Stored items
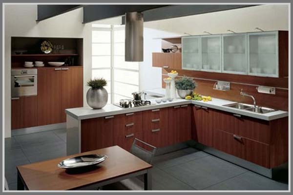 Pada desain ruang dapur ini bahan utama pembuatannya adalah dari kayu. Hampir 90% elemen-elemen dan komponennya dibuat dengan kayu. Akan tetapi Anda harus bisa memilah dan memilih jenis bahan kayu yang bagus dan solid sehingga akan didapatkan kualitas yang perfect. Biasanya jenis kayu yang bagus nomor satu yaitu kayu jati.
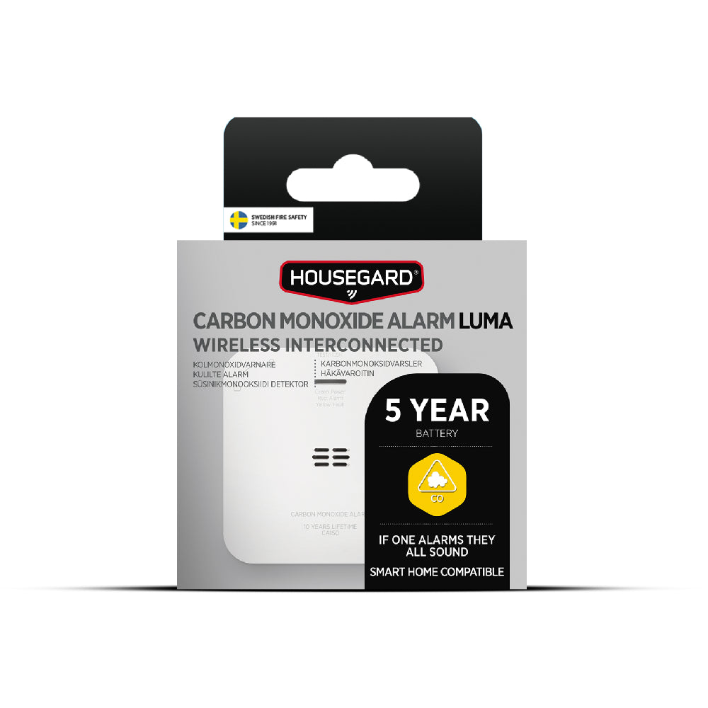 Larmar en, larmar alla – på så vis blir du varnad var du än befinner dig, kan kopplas samman trådlöst med upp till 40 andra varnare i vår LUMA-serie. LUMA kolmonoxidvarnare reagerar snabbt vid farliga nivåer av kolmonoxid och rekommenderas särskilt för rum med bränsledrivna värmekällor eller anordningar. Genom Luma Hub (köps separat) gör du din varnare smart och kan t.ex få notiser i din telefon.
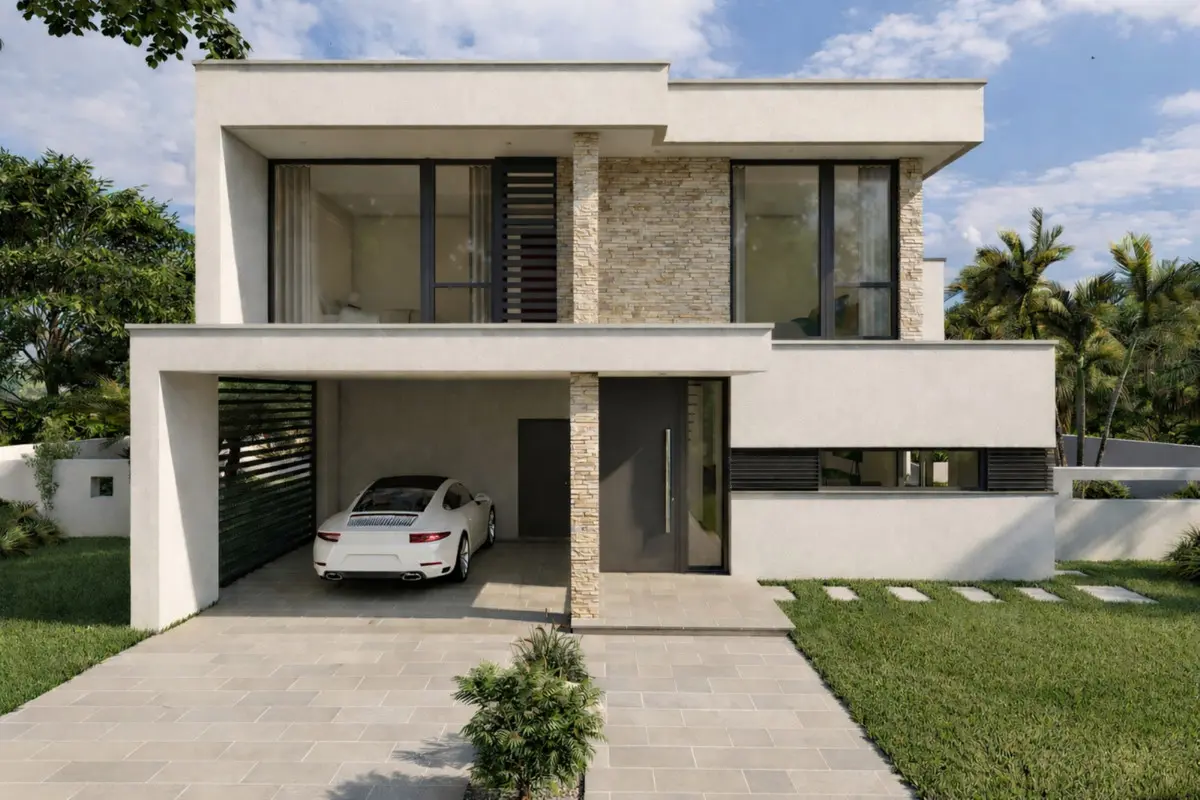 This villa concept focuses on modern aesthetics and functionality. The layout is open-plan and has a double-height living area that utilizes large windows, allowing plenty of light to fill the space. The outdoor area effortlessly connects to the indoor living space, ideal for enjoying the terrace and pool.
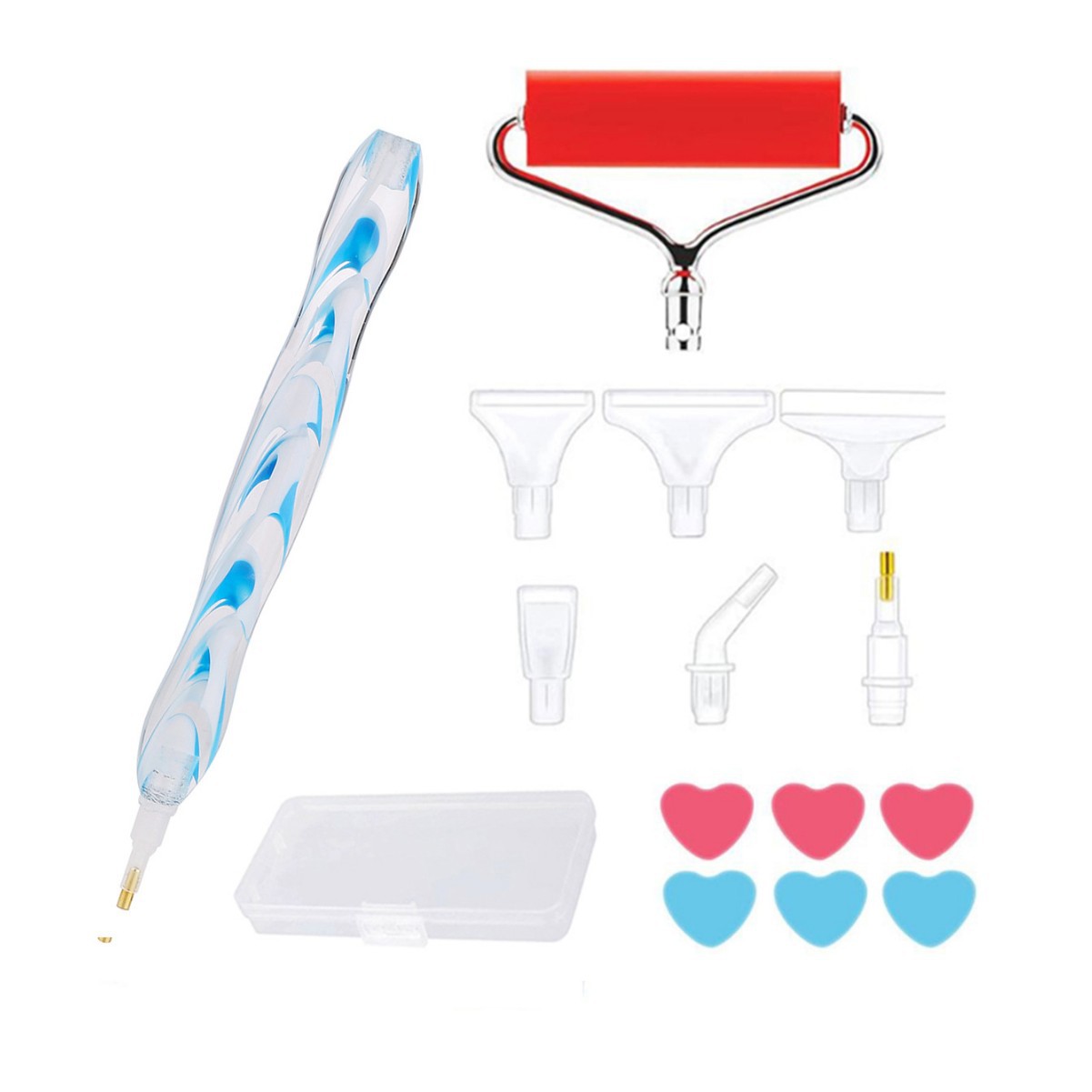 boxed blue ripple + small red roller + love 3 blue 3 red
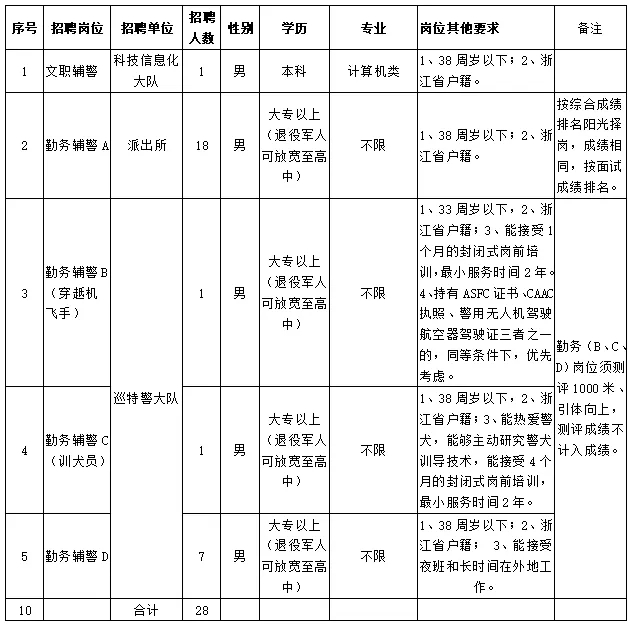 原始标题:天台县公安局警务辅助人员招聘公告,招28名!

- Try it -
An exact reprint of every record is required, with the pictures omitted.

- Answer space -
 Pada desain ruang dapur ini bahan utama pembuatannya adalah dari kayu. Hampir 90% elemen-elemen dan komponennya dibuat dengan kayu. Akan tetapi Anda harus bisa memilah dan memilih jenis bahan kayu yang bagus dan solid sehingga akan didapatkan kualitas yang perfect. Biasanya jenis kayu yang bagus nomor satu yaitu kayu jati.
 Larmar en, larmar alla – på så vis blir du varnad var du än befinner dig, kan kopplas samman trådlöst med upp till 40 andra varnare i vår LUMA-serie. LUMA kolmonoxidvarnare reagerar snabbt vid farliga nivåer av kolmonoxid och rekommenderas särskilt för rum med bränsledrivna värmekällor eller anordningar. Genom Luma Hub (köps separat) gör du din varnare smart och kan t.ex få notiser i din telefon.
 This villa concept focuses on modern aesthetics and functionality. The layout is open-plan and has a double-height living area that utilizes large windows, allowing plenty of light to fill the space. The outdoor area effortlessly connects to the indoor living space, ideal for enjoying the terrace and pool.
 boxed blue ripple + small red roller + love 3 blue 3 red
 原始标题:天台县公安局警务辅助人员招聘公告,招28名!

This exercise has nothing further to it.